When copying the records below, omit any image and print everything else exactly.

************

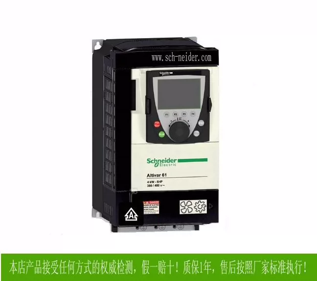 The Schneider ATV61/71HC40N4 is a 37 kW (50 HP) VFD for three-phase motors, with 380V-480V input and 0-590 Hz output, featuring V/f control and Sensorless Vector Control.
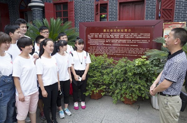 同学们长征路的第一站到达的是遵义会议旧址,“遵义会议是我党生死攸关的转折点,选择直接奔赴遵义开展活动也是体验教育最好的方式。”队长刘俊说道。庄严的建筑,肃穆的雕像,站在会址现场,感受老一辈革命家们在红军危急关头的伟大魄力,同学们无不心潮澎湃。“之前都是在历史课本上读到遵义会议,这次来到现场心里特别激动,仿佛能够感受到他们当年为革命奋斗的那种心情。”体育学院2013级休闲体育专业的汪洋说道。“让他们置身这种红色文化中,把历史课堂搬到遵义来,对他们就是最好的体验教育。”程启平强调要让同学们在亲身体验中感受一辈革命家们为革命胜利所做的伟大努力。一路上同学们唱着红歌,相互鼓励,在一个个革命旧址中切身感受和体会长征精神。
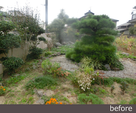 広くて手入れに困っておられたお庭。植栽スペースを3つの島にまとめ、残りは防草シートと砂利敷きにし、お手入れがしやすいようにしました。眺めてもよし、歩いてもよし。日常が楽しくなるようなお庭ができました。
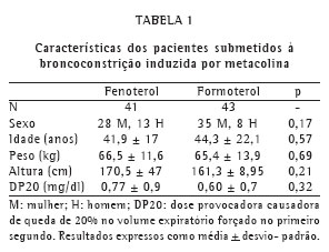 RESULTADOSNão houve diferenças estatisticamente significativas em relação à idade, sexo, peso, altura e dose provocadora causadora de queda de 20% no VEF1 entre o grupo 1 (fenoterol) e o grupo 2 (formoterol) (Tabela 1).
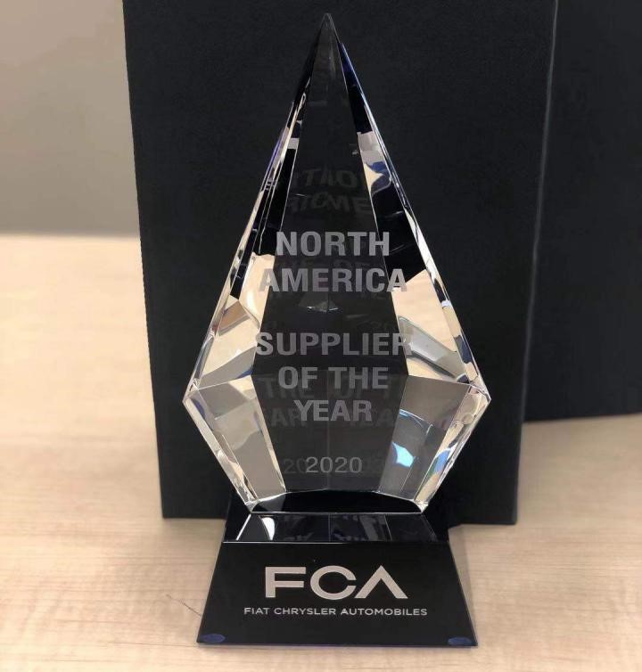 FCA年度優(yōu)秀供應(yīng)商獎(jiǎng)杯(2019年度表現(xiàn)優(yōu)秀、2020年頒獎(jiǎng))
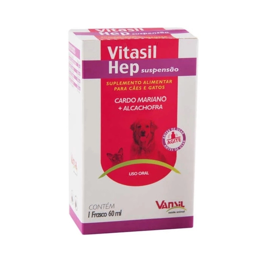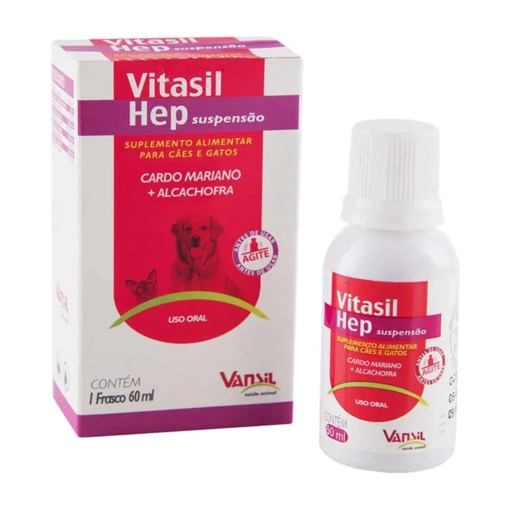O Vitasil Hep Suspensão 60mL é um suplemento alimentar veterinário indicado para cães e gatos, formulado para auxiliar no suporte hepático e na manutenção da saúde do fígado dos pets.
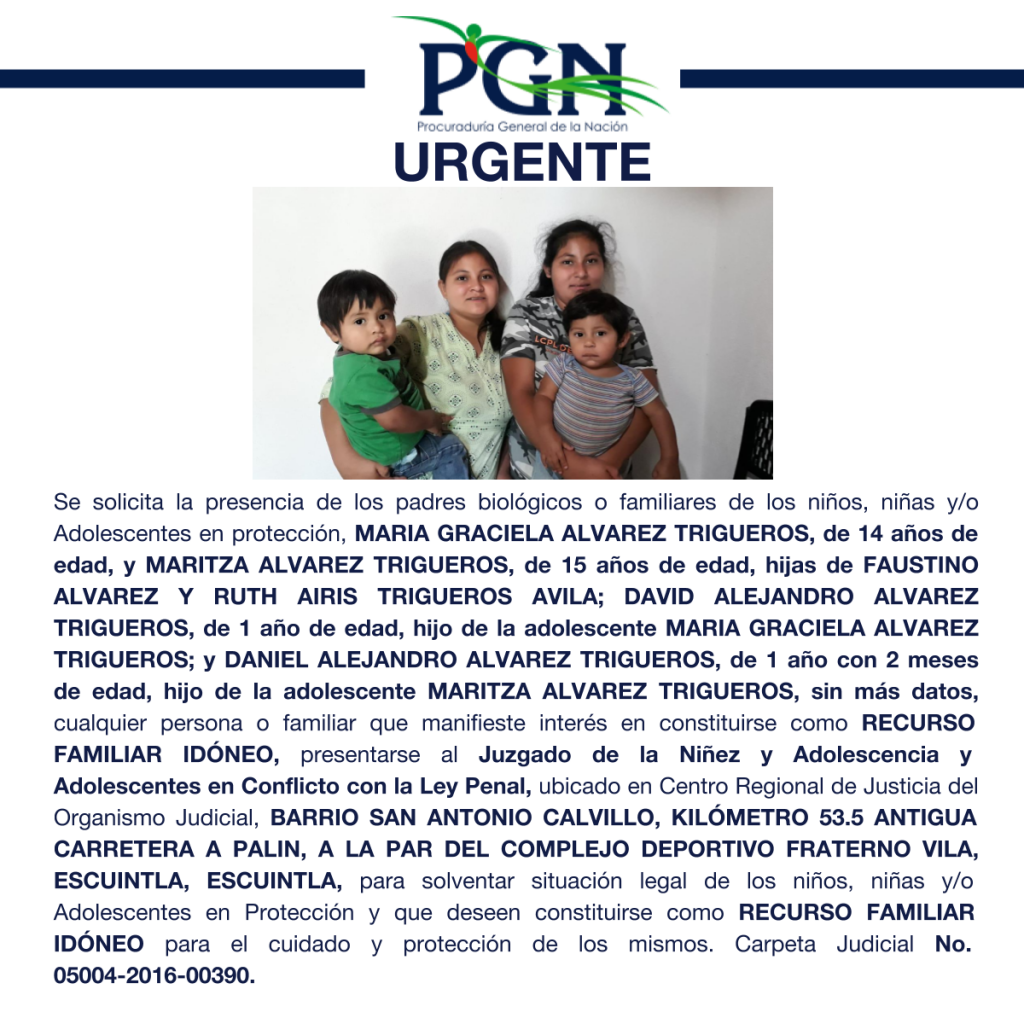 MARIA GRACIELA ALVAREZ TRIGUEROS, MARITZA ALVAREZ TRIGUEROS, FAUSTINO ALVAREZ, RUTH AIRIS TRIGUEROS AVILA, DAVID ALEJANDRO ALVAREZ TRIGUEROS, DE 1 AÑO DE EDAD, HIJO DE LA ADOLESCENTE MARIA GRACIELA ALVAREZ TRIGUEROS; Y DANIEL ALEJANDRO ALVAREZ TRIGUEROS
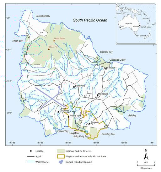 Norfolk island is situated in the south-west Pacific Ocean, occurring as small isolated island representing the only portion of the Norfolk Ridge protruding above sea level [8]. The island is 35.7 km in area (Figure 1). The Norfolk Ridge is a north–south trending submerged (except the very small island portions) continental ridge linking New Zealand and New Caledonia in the south-west Pacific Ocean. Norfolk island is a remnant of a weathered and eroded volcanic complex that began forming as a result of volcanic activity approximately two to three million years ago [9].
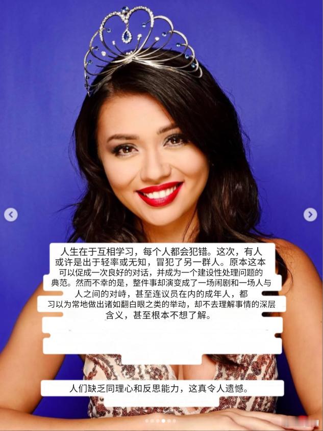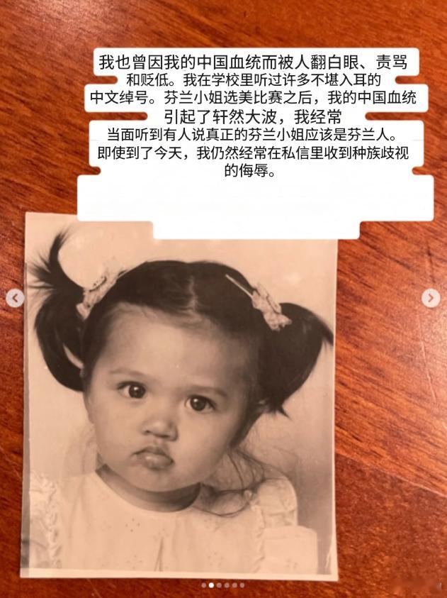 2016 年的芬兰小姐Shirly Karvinen在社交媒体上表示:“我也曾因我的中国血统而被人翻白眼、责骂和贬低。我在学校里听过许多不堪入耳的中文绰号。芬兰小姐选美比赛之后,我的中国血统引起了轩然大波,我经常当面听到有人说真正的芬兰小姐应该是芬兰人。即使到了今天,我仍然经常在私信里收到种族歧视的侮辱。”她的母亲是中国人,父亲是芬兰人。我说过很多次了:无论你出生在中国大陆、港台包括海外,乃至入了外国籍,理性的华人都会期待你自己的国家和中国能够越来越好。成为外国人融入新的国家不意味着一定要否定甚至仇视自己原来的民族和国家。这只会让你被两方排斥。否定自己的原来的民族和国家并不会让你赢得更多尊重,你越抹黑中国,你在海外被歧视羞辱的概率就越大!无论你对中国有多少不满甚至仇恨,哪怕你入了外籍,在外国人眼里你永远是Chinese,无论你愿不愿意!你可以不喜欢中国,但最起码请客观看待她!芬兰小姐被剥夺头衔中文道歉又反转
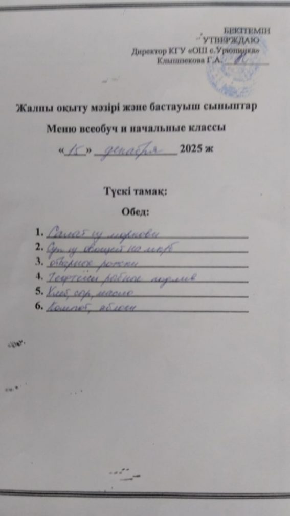 2025 жылғы 15 желтоқсандағы мәзір

************

SOLUTION TO THIS PROBLEM:
 The Schneider ATV61/71HC40N4 is a 37 kW (50 HP) VFD for three-phase motors, with 380V-480V input and 0-590 Hz output, featuring V/f control and Sensorless Vector Control.
 同学们长征路的第一站到达的是遵义会议旧址,“遵义会议是我党生死攸关的转折点,选择直接奔赴遵义开展活动也是体验教育最好的方式。”队长刘俊说道。庄严的建筑,肃穆的雕像,站在会址现场,感受老一辈革命家们在红军危急关头的伟大魄力,同学们无不心潮澎湃。“之前都是在历史课本上读到遵义会议,这次来到现场心里特别激动,仿佛能够感受到他们当年为革命奋斗的那种心情。”体育学院2013级休闲体育专业的汪洋说道。“让他们置身这种红色文化中,把历史课堂搬到遵义来,对他们就是最好的体验教育。”程启平强调要让同学们在亲身体验中感受一辈革命家们为革命胜利所做的伟大努力。一路上同学们唱着红歌,相互鼓励,在一个个革命旧址中切身感受和体会长征精神。
 広くて手入れに困っておられたお庭。植栽スペースを3つの島にまとめ、残りは防草シートと砂利敷きにし、お手入れがしやすいようにしました。眺めてもよし、歩いてもよし。日常が楽しくなるようなお庭ができました。
 RESULTADOSNão houve diferenças estatisticamente significativas em relação à idade, sexo, peso, altura e dose provocadora causadora de queda de 20% no VEF1 entre o grupo 1 (fenoterol) e o grupo 2 (formoterol) (Tabela 1).
 FCA年度優(yōu)秀供應(yīng)商獎(jiǎng)杯(2019年度表現(xiàn)優(yōu)秀、2020年頒獎(jiǎng))
O Vitasil Hep Suspensão 60mL é um suplemento alimentar veterinário indicado para cães e gatos, formulado para auxiliar no suporte hepático e na manutenção da saúde do fígado dos pets.
 MARIA GRACIELA ALVAREZ TRIGUEROS, MARITZA ALVAREZ TRIGUEROS, FAUSTINO ALVAREZ, RUTH AIRIS TRIGUEROS AVILA, DAVID ALEJANDRO ALVAREZ TRIGUEROS, DE 1 AÑO DE EDAD, HIJO DE LA ADOLESCENTE MARIA GRACIELA ALVAREZ TRIGUEROS; Y DANIEL ALEJANDRO ALVAREZ TRIGUEROS
 Norfolk island is situated in the south-west Pacific Ocean, occurring as small isolated island representing the only portion of the Norfolk Ridge protruding above sea level [8]. The island is 35.7 km in area (Figure 1). The Norfolk Ridge is a north–south trending submerged (except the very small island portions) continental ridge linking New Zealand and New Caledonia in the south-west Pacific Ocean. Norfolk island is a remnant of a weathered and eroded volcanic complex that began forming as a result of volcanic activity approximately two to three million years ago [9].
 2016 年的芬兰小姐Shirly Karvinen在社交媒体上表示:“我也曾因我的中国血统而被人翻白眼、责骂和贬低。我在学校里听过许多不堪入耳的中文绰号。芬兰小姐选美比赛之后,我的中国血统引起了轩然大波,我经常当面听到有人说真正的芬兰小姐应该是芬兰人。即使到了今天,我仍然经常在私信里收到种族歧视的侮辱。”她的母亲是中国人,父亲是芬兰人。我说过很多次了:无论你出生在中国大陆、港台包括海外,乃至入了外国籍,理性的华人都会期待你自己的国家和中国能够越来越好。成为外国人融入新的国家不意味着一定要否定甚至仇视自己原来的民族和国家。这只会让你被两方排斥。否定自己的原来的民族和国家并不会让你赢得更多尊重,你越抹黑中国,你在海外被歧视羞辱的概率就越大!无论你对中国有多少不满甚至仇恨,哪怕你入了外籍,在外国人眼里你永远是Chinese,无论你愿不愿意!你可以不喜欢中国,但最起码请客观看待她!芬兰小姐被剥夺头衔中文道歉又反转
 2025 жылғы 15 желтоқсандағы мәзір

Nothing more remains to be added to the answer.